(Records from a dataset)
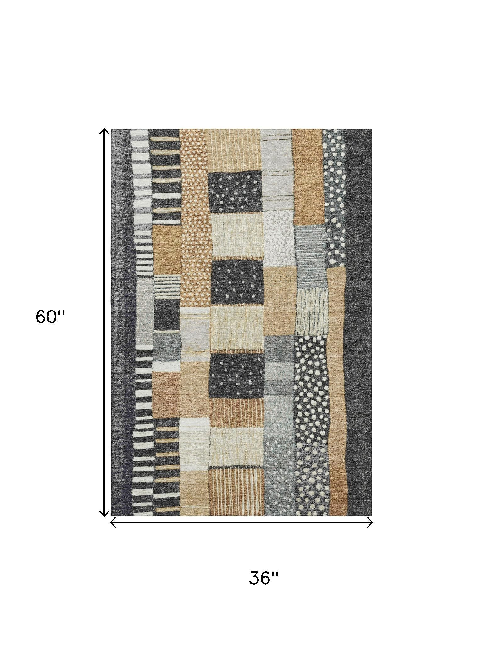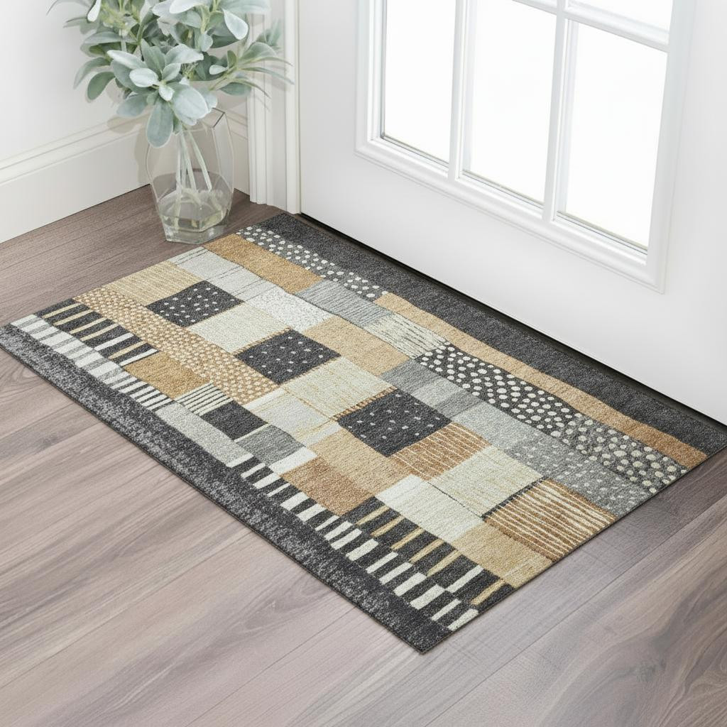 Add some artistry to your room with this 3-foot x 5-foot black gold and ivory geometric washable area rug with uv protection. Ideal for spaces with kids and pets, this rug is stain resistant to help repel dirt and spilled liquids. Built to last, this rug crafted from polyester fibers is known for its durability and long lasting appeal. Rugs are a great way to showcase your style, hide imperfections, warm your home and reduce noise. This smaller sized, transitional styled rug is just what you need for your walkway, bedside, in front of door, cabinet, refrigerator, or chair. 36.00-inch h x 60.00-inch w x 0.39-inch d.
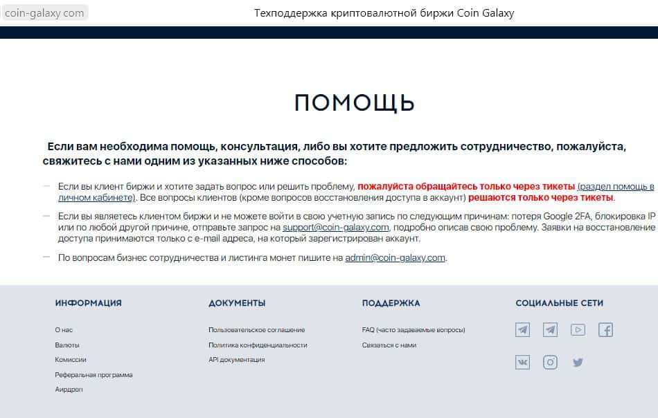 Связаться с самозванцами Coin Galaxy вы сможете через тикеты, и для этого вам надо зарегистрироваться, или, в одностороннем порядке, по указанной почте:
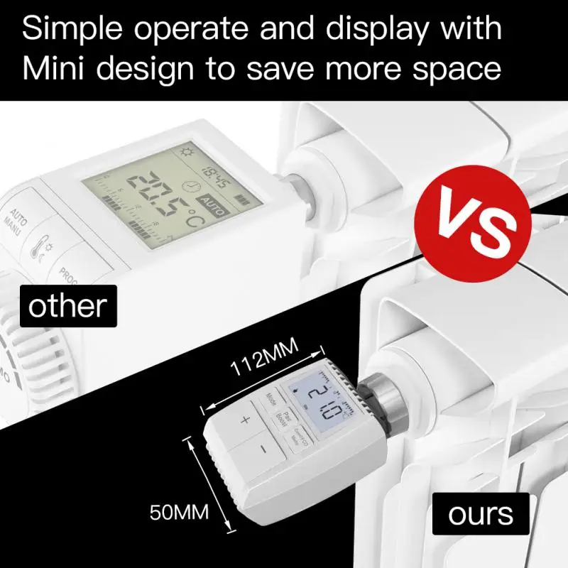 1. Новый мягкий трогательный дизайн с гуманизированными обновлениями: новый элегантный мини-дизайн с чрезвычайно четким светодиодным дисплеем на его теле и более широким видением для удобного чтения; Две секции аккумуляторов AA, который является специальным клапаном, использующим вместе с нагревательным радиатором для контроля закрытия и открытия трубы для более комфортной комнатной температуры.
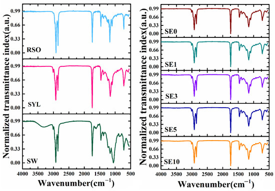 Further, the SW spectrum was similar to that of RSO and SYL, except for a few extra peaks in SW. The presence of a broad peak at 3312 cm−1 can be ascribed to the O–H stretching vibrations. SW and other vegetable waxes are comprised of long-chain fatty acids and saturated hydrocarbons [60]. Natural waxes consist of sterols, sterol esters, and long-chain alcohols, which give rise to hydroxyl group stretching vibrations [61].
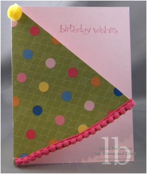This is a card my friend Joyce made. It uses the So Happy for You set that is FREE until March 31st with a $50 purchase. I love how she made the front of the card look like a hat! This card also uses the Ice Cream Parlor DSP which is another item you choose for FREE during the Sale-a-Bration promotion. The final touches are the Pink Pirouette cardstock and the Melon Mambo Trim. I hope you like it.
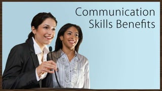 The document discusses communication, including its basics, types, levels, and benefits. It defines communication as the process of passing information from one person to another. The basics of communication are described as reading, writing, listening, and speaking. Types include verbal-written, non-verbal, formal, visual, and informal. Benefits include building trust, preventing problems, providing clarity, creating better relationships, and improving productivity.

* **Work instructions**: Your answer should be the lines above from the one that contains "1. Новый мягкий" through the last, set down exactly, with the pictures removed.

* **Answer section**:
 1. Новый мягкий трогательный дизайн с гуманизированными обновлениями: новый элегантный мини-дизайн с чрезвычайно четким светодиодным дисплеем на его теле и более широким видением для удобного чтения; Две секции аккумуляторов AA, который является специальным клапаном, использующим вместе с нагревательным радиатором для контроля закрытия и открытия трубы для более комфортной комнатной температуры.
 Further, the SW spectrum was similar to that of RSO and SYL, except for a few extra peaks in SW. The presence of a broad peak at 3312 cm−1 can be ascribed to the O–H stretching vibrations. SW and other vegetable waxes are comprised of long-chain fatty acids and saturated hydrocarbons [60]. Natural waxes consist of sterols, sterol esters, and long-chain alcohols, which give rise to hydroxyl group stretching vibrations [61].
This is a card my friend Joyce made. It uses the So Happy for You set that is FREE until March 31st with a $50 purchase. I love how she made the front of the card look like a hat! This card also uses the Ice Cream Parlor DSP which is another item you choose for FREE during the Sale-a-Bration promotion. The final touches are the Pink Pirouette cardstock and the Melon Mambo Trim. I hope you like it.
 The document discusses communication, including its basics, types, levels, and benefits. It defines communication as the process of passing information from one person to another. The basics of communication are described as reading, writing, listening, and speaking. Types include verbal-written, non-verbal, formal, visual, and informal. Benefits include building trust, preventing problems, providing clarity, creating better relationships, and improving productivity.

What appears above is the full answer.